COMPENSATION & INCENTIVES Analysis
- Cash vs Equity Mix: 2024 total comp $3.10M with equity ($1.62M grant-date value across stock/options) and cash (salary+bonus $1.48M), slightly lower than 2023 totals as equity grant values decreased YoY .
- Performance Conditions: Options require sustained share price >$1.00; aligns realizable pay with shareholder returns and retention via three-year vesting .
- Targeting and Peers: Committee generally targets 50th percentile for salary, bonus, and equity, adjusted for performance and criticality; peer group includes renewable fuels/energy tech names .
- Clawback and Policies: SEC/Nasdaq-compliant clawback; bans hedging/pledging; minimum one-year vesting for equity (limited exceptions) .
RISK INDICATORS & RED FLAGS
- Section 16(a) Filings: One late Form 4 filing for restricted stock on Oct 1, 2024 (also for other executives), suggests an administrative lapse but not a selling event .

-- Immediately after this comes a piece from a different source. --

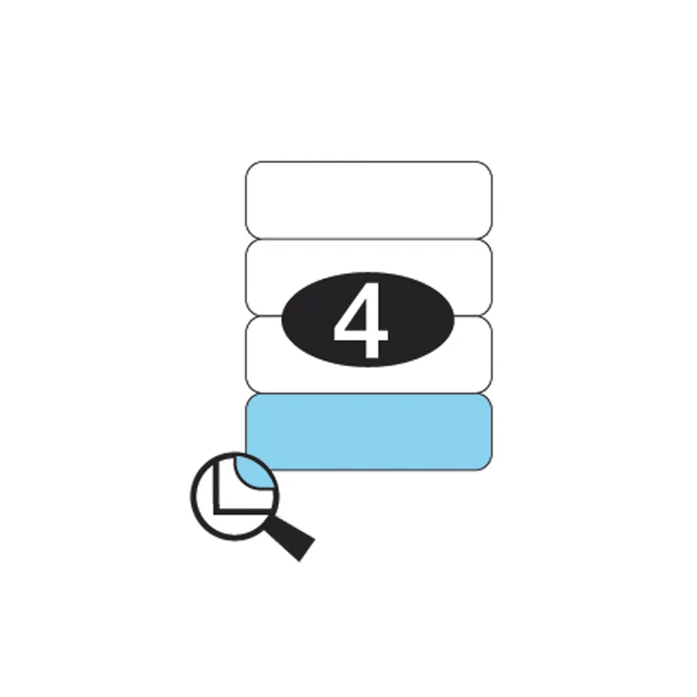 4 etiketter på hvert A4 ark i størrelse 190x61mm (BxH).

- Option Repricing: Not permitted without shareholder approval; plan contains no evergreen or liberal share recycling .
- Governance Structure: Independent chair mitigates CEO/director dual-role concerns; CEO not on committees, preserving checks/balances .
Company Performance Context
| Metric | FY 2022 | FY 2023 | FY 2024 |
|---|---|---|---|
| Revenues ($) | $1,175,000* | $17,200,000* | $16,915,000* |
| EBITDA ($) | $(69,551,000)* | $(62,828,000)* | $(67,581,000)* |
| Net Income ($) | $(98,007,000) | $(66,215,000) | $(78,640,000) |
| Cash from Operations ($) | $(44,311,000)* | $(53,719,000)* | $(57,383,000)* |
| Values marked with * were retrieved from S&P Global. |
Key 2024 achievements included DOE Loan Programs Office conditional commitment of $1.46B for ATJ-60, Red Trail acquisition, RNG bond remarketing/ITC monetization, Verity commercial traction, and YE cash/cash equivalents/restricted cash of $259.0M .
TSR proxy metric (value of $100 initial investment):
| Year | TSR Value |
|---|---|
| 2021 | $100.71 |
| 2022 | $44.71 |
| 2023 | $27.29 |
| 2024 | $49.18 |
Equity Ownership & Insider Selling Pressure
- Insider Transactions: No option exercises in 2024; significant RS vesting (815,015 shares) may imply withholding for taxes but no selling disclosed; hedging/pledging prohibited .
- Alignment: Beneficial ownership 2.4%; substantial unvested RS and multi-year vesting schedules indicate retention alignment; CEO ownership guidelines 5x salary and compliance status achieved .
Compensation Peer Group (2024 cycle)
Peer group comprised U.S. renewables/energy technology/industrial names like Aemetis, Clean Energy Fuels, FuelCell Energy, LanzaTech, Montauk Renewables, NextDecade, Origin Materials, PureCycle, Tellurian, Vertex Energy, Workhorse, among others .
Director Compensation (for Gruber as Director)
- Cash/Equity: None; CEO is not compensated for director service .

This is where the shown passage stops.